The survival numbers are among the best of any cancer. Based on data from people diagnosed between 2015 and 2021, the five-year relative survival rate is 99% for localized disease, 96% when it has spread to regional lymph nodes, and 72% when it has spread to distant sites. Even stage III testicular cancer responds well to treatment compared to most other advanced cancers.
Effects on Fertility and Hormones
With one healthy testicle remaining, most people maintain normal testosterone levels and sexual function. However, some treatments carry real risks to fertility. Chemotherapy can slow or stop sperm production, sometimes temporarily and sometimes permanently. If the cells responsible for generating new sperm are damaged, production may take years to recover or may never fully return to pre-treatment levels. Cancer treatment can also reduce the hormones needed for both sperm production and sexual function.
Because of these risks, sperm banking before starting chemotherapy or radiation is worth discussing with your care team. Collecting and freezing sperm samples beforehand preserves the option of biological children later, regardless of what treatment does to fertility.
The Follow-Up Schedule
After treatment, you enter a structured monitoring period that lasts at least five years. The schedule is more intensive in the first two years, when recurrence is most likely, then gradually tapers off.
For early-stage seminomas on surveillance, the typical schedule involves blood tests and a doctor visit twice a year for the first three years, then annually in years four and five. Imaging of the abdomen and pelvis (CT or MRI) is done twice in the first year, twice in the second year, then once at the three-year and five-year marks.
Nonseminomas require slightly more frequent monitoring. Blood work is checked four times a year for the first two years, twice in the third year, then once or twice annually after that. Imaging follows a similar pattern, with scans concentrated in the first two years.
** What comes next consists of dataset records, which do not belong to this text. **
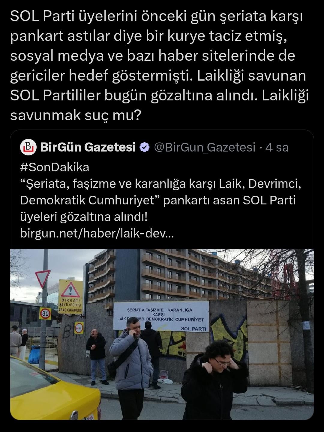 seriat isteyenler de gozaltina aliniyor bi bizden bi sizden aglamak yok
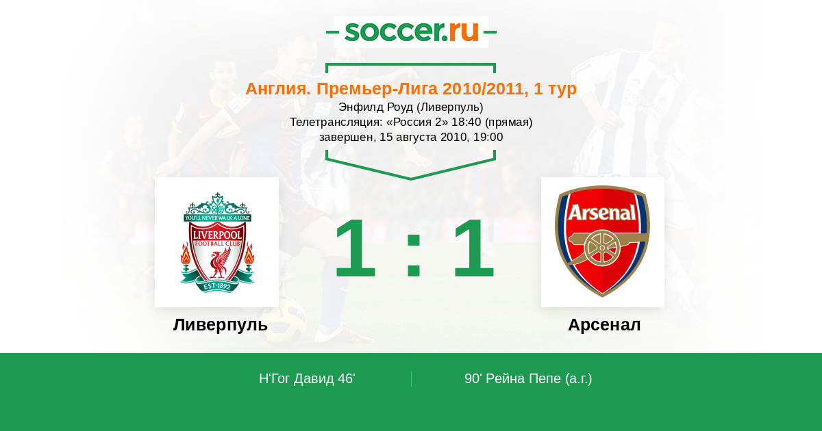 Ливерпуль, Энфилд Роуд Телетрансляция: "Россия 2" 18:40 (прямая)
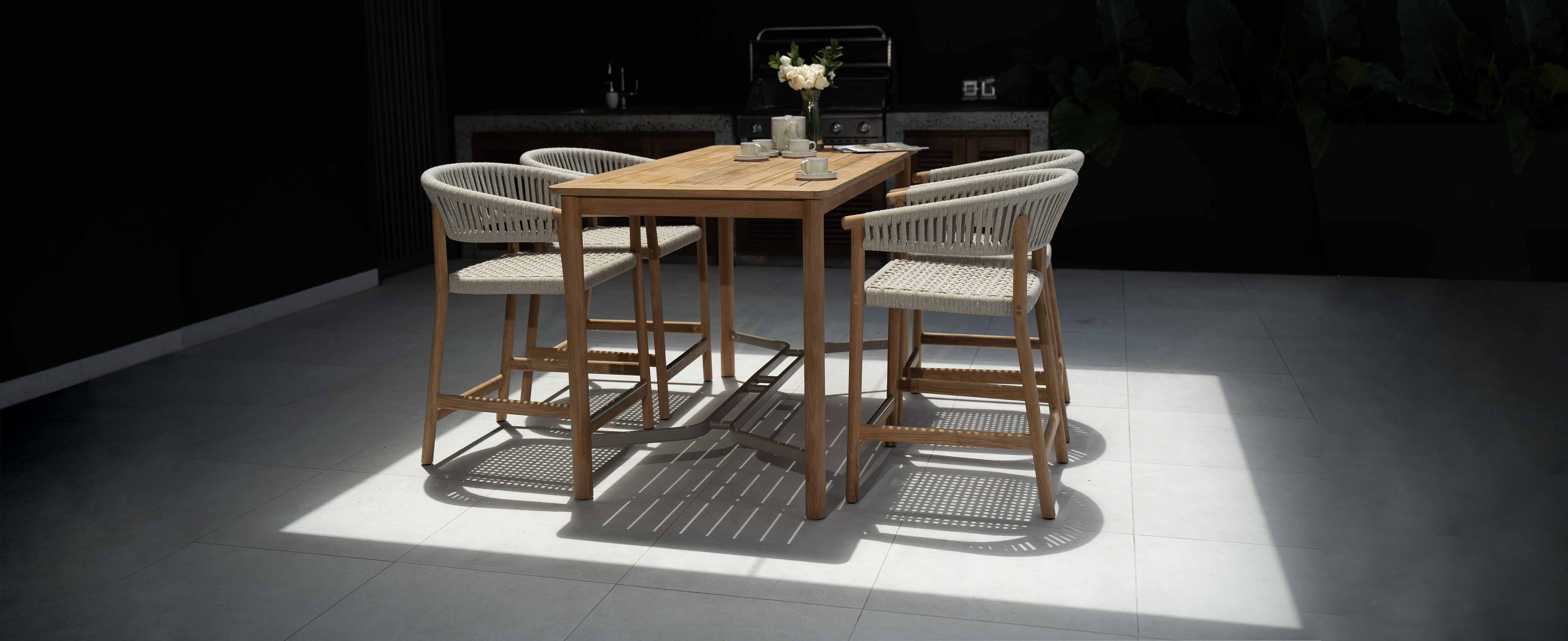Seamlessly combining extruded aluminium with teak and rope, Povl Eskildsen’s Stella is a contemporary design that has his signature understated design language and comfort at heart.
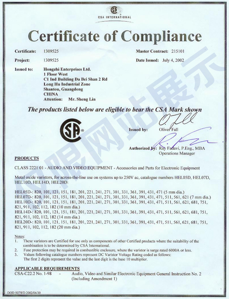 廣東鴻志電子科技有限公司成立于1993年,位于美麗的海濱城市汕頭,現(xiàn)已發(fā)展成為元器件制造集團企業(yè),生產(chǎn)壓敏電阻、NTC熱敏電阻、陶瓷電容和金屬化薄膜電容,通過了ISO9001質(zhì)量體系認證和ISO14001環(huán)境體系認證,以及IATF16949汽車產(chǎn)品質(zhì)量體系認證...
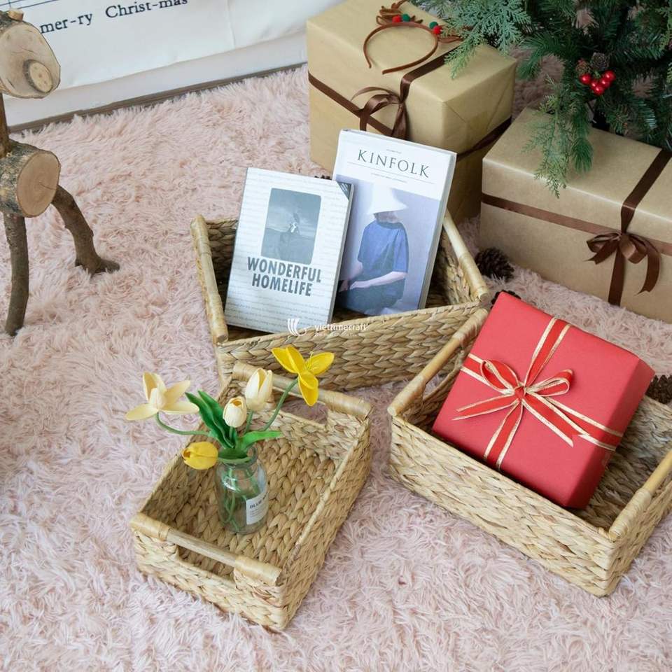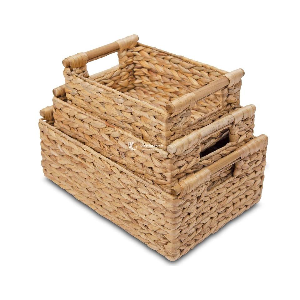 ชุดตะกร้าเก็บของจากผักตบชวา แบบสานรักษ์โลก พร้อมฝาปิดลายหยักและหูจับไม้ ขายส่ง
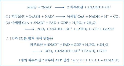 ⋅1개의 아세틸 CoA는 10개의 ATP, 1개의 피루브산은 12.5 ATP 를 생성함
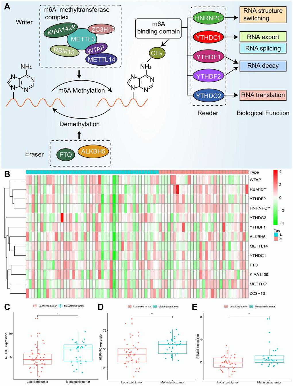 Three types of m6A regulatory genes were included in the subsequent bioinformatic analyses. The functions of these regulatory genes and the process of m6A methylation were shown in Figure 2A. A multicomponent methyltransferase complex consisting of ‘Writer’ genes is responsible for m6A methylation. METTL3 and METTL14 constitute the core portion of m6A complex, in which only METTL3 possesses the activity of methyltransferase, while, METTL14 provides a structural support for RNA binding [28]. WTAP acts as an adaptor protein to bridge METTL3 and METTL14 [29]. Besides, other ‘Writer’ genes (KIAA1429, RBM15 and ZC3H13) are proven to serve as auxiliary subunits required for m6A methylation. ‘Eraser’ genes, FTO and ALKBH5 have the ability of demethylase, therefore, which can reverse the m6A methylation [30]. All bioproducts of ‘Reader’ genes can recognize and bind to the m6A-modified sites on RNA. These genes regulate mRNA abundance through affecting RNA splicing, transport, translation and changing structural stability of RNA [28].
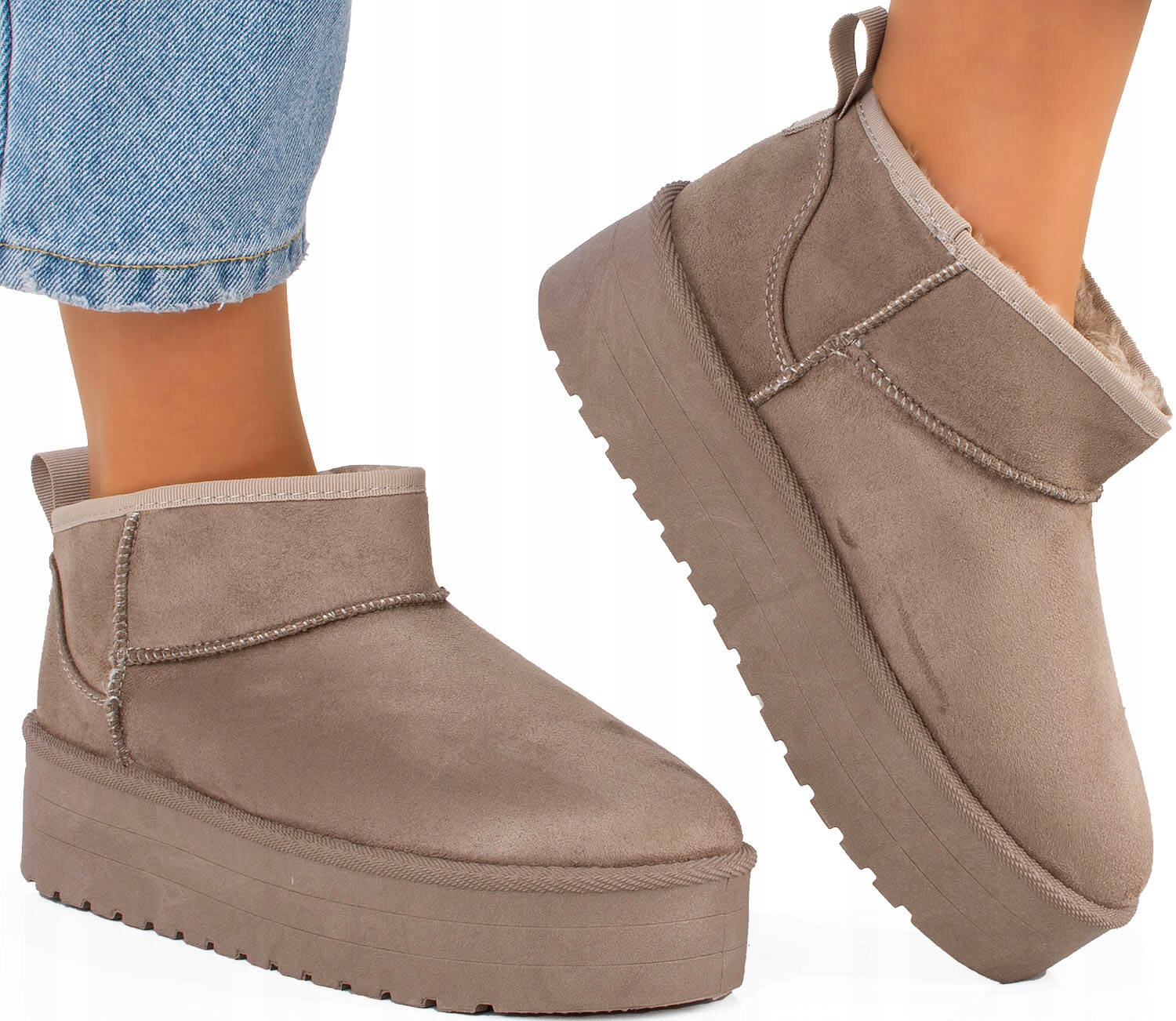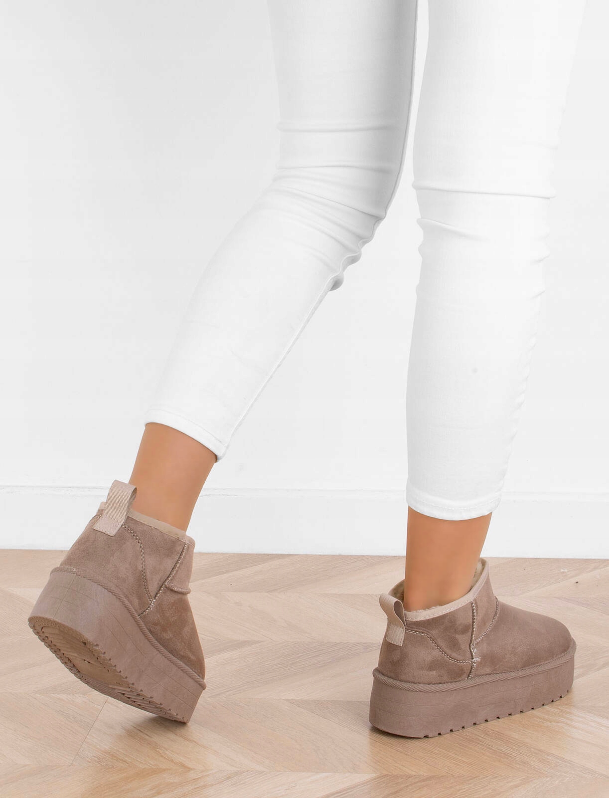 БЕЖЕВЫЕ СНЕЖНЫЕ БОТИНКИ С УТЕПЛЕНИЕМ, БОТИНКИ НА ПЛАТФОРМЕ 38
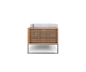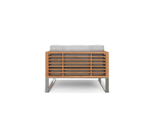 The Playa Mar Outdoor Armchair is a seamless addition to any outdoor space, and inspires thoughts of quality time spent unwinding at home. Featuring an attractive design of loosely slatted acacia wood, this durable chair showcases weather-resistant upholstered cushions, and is anchored by stainless steel legs.

For people treated for advanced disease, the schedule includes chest imaging in addition to abdominal scans, particularly if the cancer originally involved the lungs. Tumor marker blood tests are the simplest and most accessible monitoring tool, though slightly elevated levels sometimes turn out to be false positives, so results are always interpreted alongside imaging and repeat measurements over time.
Checking Yourself
There’s no universal recommendation on how often to do a testicular self-exam, and medical organizations differ on whether routine self-exams reduce the risk of dying from the disease. That said, the technique is simple and takes less than a minute. After a warm shower, when the scrotal skin is relaxed, hold each testicle between your thumbs and fingers and gently roll it, feeling for hard lumps, smooth bumps, or any change in size, shape, or firmness. It helps to stand in front of a mirror so you can also look for visible swelling. Knowing what your normal baseline feels like makes it easier to notice something new.